THE STORY:
Road Trip follows the exploits of a college student who tows three of his buddies along on an 1800-mile trek from New York to Texas to intercept a sex tape that he made with another women and accidentally sent to his girlfriend.
It's rare that a movie prods and reshapes the culture, but in 1978, the slovenly frat-boy high jinks of ''National Lampoon's Animal House'' did just that. Food fights, peekaboo nudity, ''boogie till you puke'' toga parties: Overnight, the movie put a generation in touch with its yearning for salacious slob liberation. It was the real kickoff, three years before MTV, of Spring Break as a state of mind. It was also the launch-pad, of course, for a thousand crudely raunchy imitators -- the gross-out exploitation comedies of the '80s, like ''Gorp ''and ''Private School'' and the box office smash ''Porky's'' (which was essentially ''Animal House'' with less wit and more breasts). Most of these pictures were junk, yet they had one thing going for them: an internal Enemy. They helped set the tone for a world in which piggy excess was cool and responsibility and good taste were to be attacked and destroyed.
Back then, no one could have guessed that the grade-Z ''Animal House'' clones would one day be remembered as hip, dumb touchstones and fondly recycled in movies like ''American Pie'' and the clever, shallow, genially vulgar Road Trip. The new models, if anything, are superior to the old -- smartly paced studio machines stocked with gifted young actors who love to clown. They also let women in on the action, allowing them to be sharp-tongued characters and not just hot-bod pinups with movable parts. What these movies don't have -- can't have -- is the genuine, roguish kick that comes from slaying an Enemy. Spring Break anarchy, after all, is no longer a rowdy, rock & roll stance, it's the status quo, and good taste is but a distant memory. ''Road Trip,'' which, like ''Animal House,'' was produced by Ivan Reitman, celebrates the triumph of hedonistic righteousness in a world where it already rules.

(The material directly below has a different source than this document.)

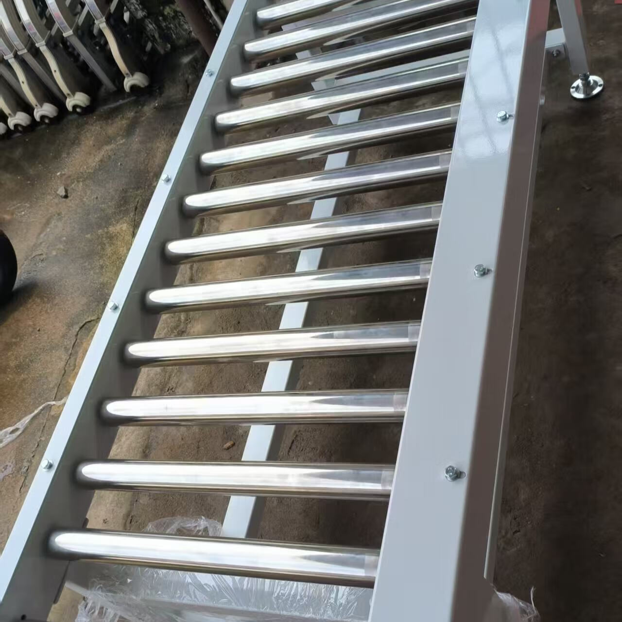 The material can be accumulated and conveyed using storage drums. The roller conveyor is structurally simple, highly reliable, and easy to use and maintain. It is suitable for conveying items with flat bottoms and consists mainly of driving drums, frames, supports, and the driving unit. It features large conveying capacity, high speed, smooth operation, and the ability to achieve concurrent and分流 conveyance of multiple types of goods on the same line.

In Ithaca, N.Y., nice-guy college student Josh (Breckin Meyer) is struggling to maintain a long-distance relationship with Tiffany (Rachel Blanchard), his childhood sweetheart, but he can't resist the tawny blond charms of Beth (Amy Smart). When a homemade video of their hot sexual encounter is accidentally mailed to Tiffany's dorm in Austin, Tex., he takes off on a frantic three-day joy ride to intercept the tape and sidestep disaster. Along for the journey are two buddies: party animal E.L. (Seann William Scott), who preens like a BMOC version of Sugar Ray's Mark McGrath, and sensitive, brainy Rubin (Paulo Costanzo), a kind of junior Jerry Seinfeld. Rounding out the group is Kyle, the much-ridiculed virgin dork who provides the car. He's played by newcomer DJ Qualls, who proves to be a major scene-stealer with his little-boy naïveté and weirdly elastic, beaky bird face.
The very title ''Road Trip'' has a basic-goods, '80s-nostalgia flavor; it hints that the movie is going to revel in its high-concept, lowbrow glory. The director, Todd Phillips, is the former punk-provocateur documentarian who made the controversial ''Frat House,'' and here, helming his first Hollywood feature, he's careful not to break any taboos that haven't already been thoroughly pre-smashed; he stages the movie as a series of flip, ''naughty but not too naughty'' set pieces. The boys wreck their car, procure a bus from a school for the blind, crash at an African-American fraternity, and visit a sperm bank, where, in one of the few moments of all-out hilarity, the macho E.L. gets in touch with an unexpected erogenous zone.
If Phillips brings anything fresh to the movie, it's a predilection for slightly outré sexual kinkiness. He gives himself a cameo as a fuzzy-haired foot fetishist, and the scene in which Kyle loses his virginity to a sweet girl who's as roly-poly as she is game probably touches closer to a lot of people's squirmy realities than they'd care to admit. Along the way, Tom Green, MTV's goateed reptile, narrates the film as he tries to get a boa to dine on a live mouse, then flirts with gulping it down himself. He never does eat the damn thing, and that's ''Road Trip'' in a nutshell: slick, reasonably amusing, never asking its audience to swallow anything too wild for consumption.